I’m wondering if I can get clarification on what this means? Because I’m certainly getting messages in my prune logs that are confusing, but perhaps expected? For instance, after a copy from pool0 to pool1, the prune task runs and I get a bunch of messages like this:
2023-09-21 00:37:28.445 INFO FOSSIL_GHOSTSNAPSHOT Snapshot rhodes_home revision 5448 should have been deleted already
2023-09-21 00:37:28.445 INFO FOSSIL_GHOSTSNAPSHOT Snapshot rhodes_home revision 5983 should have been deleted already
2023-09-21 00:37:28.445 INFO FOSSIL_GHOSTSNAPSHOT Snapshot rhodes_home revision 5987 should have been deleted already
2023-09-21 00:37:28.445 INFO FOSSIL_GHOSTSNAPSHOT Snapshot rhodes_home revision 5991 should have been deleted already
2023-09-21 00:37:28.445 INFO FOSSIL_GHOSTSNAPSHOT Snapshot rhodes_home revision 5995 should have been deleted already
2023-09-21 00:37:28.445 INFO FOSSIL_GHOSTSNAPSHOT Snapshot rhodes_home revision 5999 should have been deleted already
2023-09-21 00:37:28.445 INFO FOSSIL_GHOSTSNAPSHOT Snapshot rhodes_home revision 6003 should have been deleted already
If I launch the restore selector from pool1, I don’t see these revision numbers because the prune has run and it presumably deletes them. My guess is that these are being copied from the pool0 source every time the copy runs, and the prune step in my schedule just immediately deletes the copied snapshots? My concern is what happens on the inverse end of the spectrum? The copy isn’t deleting anything, so as long as my prune rules are in effect, snapshots, chunks, and the revisions they contain should all remain on my pool1 storage right? I might get some odd messages in the logs, but nothing should be too crazy?
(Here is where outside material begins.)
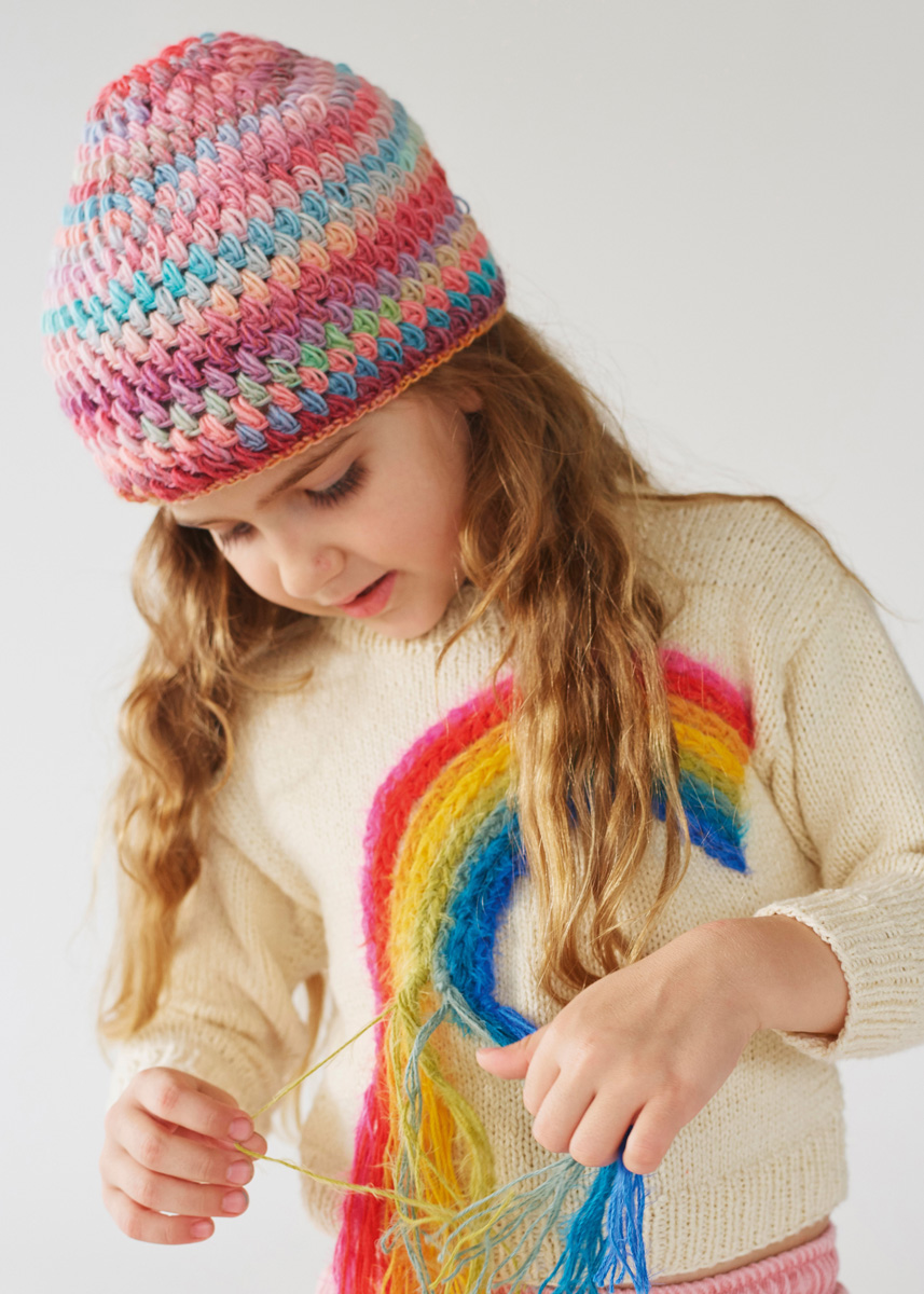 Lana Grossa Colorissimo (100% Schurwolle (Merino extrafein), Lauflänge 300 m/100 g), 100 g Lachs/ Koralle/Orangegelb/Gelb/Türkis/Flieder/Rosa (Fb 11); 1 Häkelnadel Nr. 4.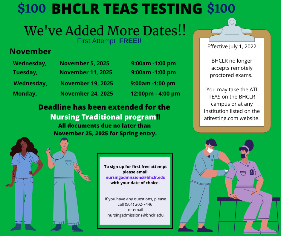 To sign up for your free first attempt, please email nursingadmissions@bhclr.edu with your date of choice. To sign up and pay for all other test dates or additional attempts, please click the link below.

What happens when those snapshots are out on pool0 though? They’ll already exist in pool1, but will pool0 also continue to contain them if I run a check job that resurrects data? I assume pool0 has no knowledge of what’s on pool1 so it shouldn’t make any difference whatsoever? But what about chunks that change, how might this impact the pool1 data?
Finally, the copy from pool1 to backblaze is just a copy and the prune should be pretty straight forward. I’m assuming it shouldn’t complain about fossil ghost snapshots because it’ll just be following from the last copy out of pool1 where that error has presumably been cleared up already? Again, the purpose of this destination is to keep an off site copy of data in the event that the worst happens.
I’ve attached my schedule page to better show what the server’s activity looks like. As I said, the laptops simply back up to the same pool0 target storage, so there isn’t much to see there.
If someone could look over this and just verify it makes sense somewhat. I’m trying to keep generations of data with different retention policies. The policy and copying make sense in my head, I think, and I believe I understand why the app is complaining about snapshots that appear but the prune believes shouldn’t exist. But I want to make sure I’m not doing an extreme anti-pattern here and causing potential corruption. There’s a couple TB of data being backed up, so I want to make sure I’m handling it properly and checking it regularly.